Continuando, olhou para o terceiro quadro: “III – Amor” e viu um jovem, aparentemente com 15 anos, de mão dada com uma rapariga muito bela. Estavam os dois a sorrir profundamente, como se estivessem a piscar o olho à sua alma. Era um amor puro, espiritual, humano. A verdadeira razão de ser. A rapariga era parecida com a Andreia, que lhe pedira em namoro aos 15 anos e ele recusara. Ela era uma rapariga honesta, humilde, acreditando no amor ingénuo e meigo. “Pensando bem, se calhar é mesmo ela”. E ficou maravilhado com o quadro.
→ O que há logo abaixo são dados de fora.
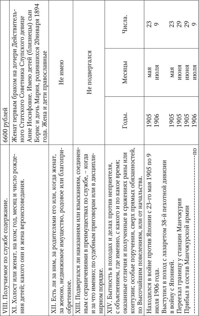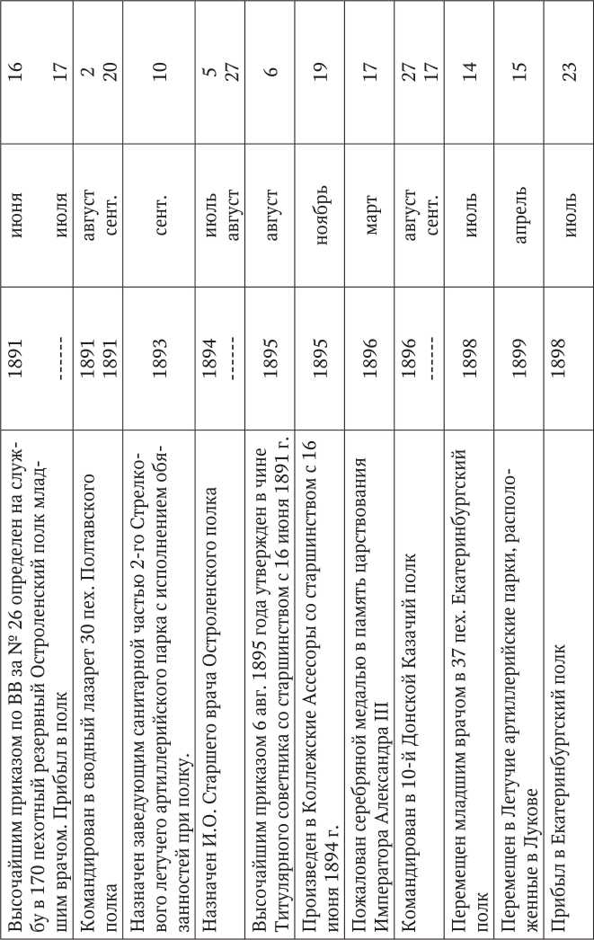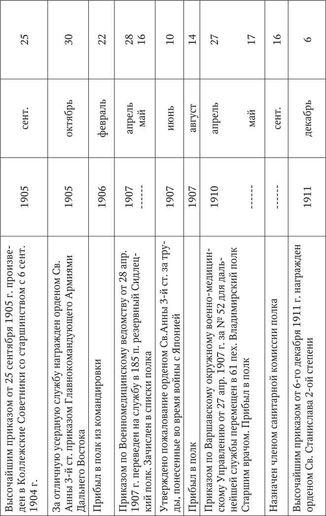 Образцом обычного по тем временам, честного служения Родине является послужной список Николая Александровича Федорова. Выдержки из послужного списка Н.А. Федорова приведены на фотографии (Рис. 30).

Atrás deles, um homem de fato e chapéu acenava, também ele sorrindo. E a legenda era simples: “O teu primeiro amor.” “Mas que amor? Nunca amei ninguém na minha vida… na minha miserável vida! Nunca gostei deste pãozinho sem sal, porque raio alguém ia pintar isto?” Sentiu-se angustiado, deveras angustiado. Já não tinha vontade de ver os quadros restantes. Pensou em Andreia: bem, mas que bela que ela era. Ele é que era um pãozinho sem sal ao não ter aceitado o amor da rapariga e ter-se metido debaixo da pega da vizinha. Ele é que era um pãozinho sem sal ao ter deixado de falar para a rapariga que o amava e ter-se envolvido com a pega da amiga da pega da vizinha. Ele é que era um pãozinho sem sal ao ter esquecido o amor puro da Andreia e ter-se metido com a pega da irmã da pega da amiga da pega da vizinha! Que tristeza. Se ao menos pudesse ter mudado…
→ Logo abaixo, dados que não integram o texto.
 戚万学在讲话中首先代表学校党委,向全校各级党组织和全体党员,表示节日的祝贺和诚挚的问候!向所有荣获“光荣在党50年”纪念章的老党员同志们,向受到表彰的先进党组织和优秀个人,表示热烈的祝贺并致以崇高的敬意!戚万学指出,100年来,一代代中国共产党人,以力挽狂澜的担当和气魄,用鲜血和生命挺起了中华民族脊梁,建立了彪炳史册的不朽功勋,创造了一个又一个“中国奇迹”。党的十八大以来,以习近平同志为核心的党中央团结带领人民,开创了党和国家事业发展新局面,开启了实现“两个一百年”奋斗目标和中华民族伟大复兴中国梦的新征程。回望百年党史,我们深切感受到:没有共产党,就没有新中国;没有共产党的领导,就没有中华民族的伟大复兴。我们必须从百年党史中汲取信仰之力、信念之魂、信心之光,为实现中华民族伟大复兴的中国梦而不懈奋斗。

Avançou para o quarto quadro: “IV- Profissão” e viu um homem de 25 anos, num auditório e falar com várias pessoas, num cenário. Parecia teatro e parecia que ele estava a encenar uma história. Reparou na legenda: “Tu, encenador, a fazer a peça da tua vida!” João quase que explodira. Mas começou a desabrochar um lado mais compreensivo do seu ser. “Já percebi! Isto é, sem dúvida, a minha vida perfeita, a minha vida e o meu sonho interligados!”. Viu que Andreia pintada estava numa das cadeiras do auditório… com uma menina e com um menino, aparentemente com três anos de idade. Estavam todos a sorrir, um sorriso bem acolhedor, daqueles que valem mais que mil abraços. João olhou para si retratado: não era ele. Fisicamente sim, mas, no quadro, vê-se um homem com convicção, com personalidade, a carregar com prazer o fardo da felicidade. A carregar com muita força. Com tanta força que podia fazer mal às costas. Prosseguiu para o quinto e último quadro: “V- Vida” e viu um homem velho, de 65 anos, na sua fase terminal. Parecia estar a contar os seus últimos respiros. Ao seu lado estava Andreia e os seus filhos, já adultos. Estavam com um sorriso angustiado, de despedida. João estava com o mesmo sorriso. Na mesa-de-cabeceira do quarto estava um objecto de ouro, com um texto: “Para o melhor encenador do mundo – João, 9 de Setembro de 2009”. Era um prémio, um reconhecimento do seu admirável trabalho.

João estava a chorar, de alegria. A legenda deste quadro dizia: “As escolhas certas”. As luzes apagaram-se automaticamente. João já não sentia medo, raiva… já não sentia o seu lado agressivo e selvagem. Sentia-se leve, sem nada na sua cabeça. Sentia a mente limpa. Sentia-se feliz. Podia ter tido aquela vida, sem dúvida. Podia ter amado, sem dúvida. Podia ter sido encenador, sem dúvida. Podia ter tido dois filhos maravilhosos, sem dúvida. Em vez disso, teve uma vida de vícios, de podridão, de complexos humanos que não nos deixam viver. De manias de grandezas, de ódio perante o próximo. O seu objectivo não foi ser feliz, amar as pessoas que o rodeavam. O seu objectivo foi ter um corpo atlético para poder engatar e papar umas quantas. O seu objectivo não foi viver, o seu objectivo foi ser ele o espectador de um corpo a caminhar para a perdição. Tanto que deixou por dizer e fazer. Agora já se lembrava: do turno da noite do restaurante em que trabalhava. Do assalto. Da arma apontada à sua cabeça. Do tiro. As luzes voltaram a acender e do nada apareceu um novo quadro. “Recomeço”: nele estava representado um homem corcunda a falar com outro homem. João reparou que os homens eram simplesmente iguaizinhos, apenas um tinha um olhar feliz, confiante e com personalidade e o outro tinha um olhar pesado, angustiado, podre. A legenda dizia: “Não tenhas saudades do que não viveste. Tem saudades do que falta para viver.”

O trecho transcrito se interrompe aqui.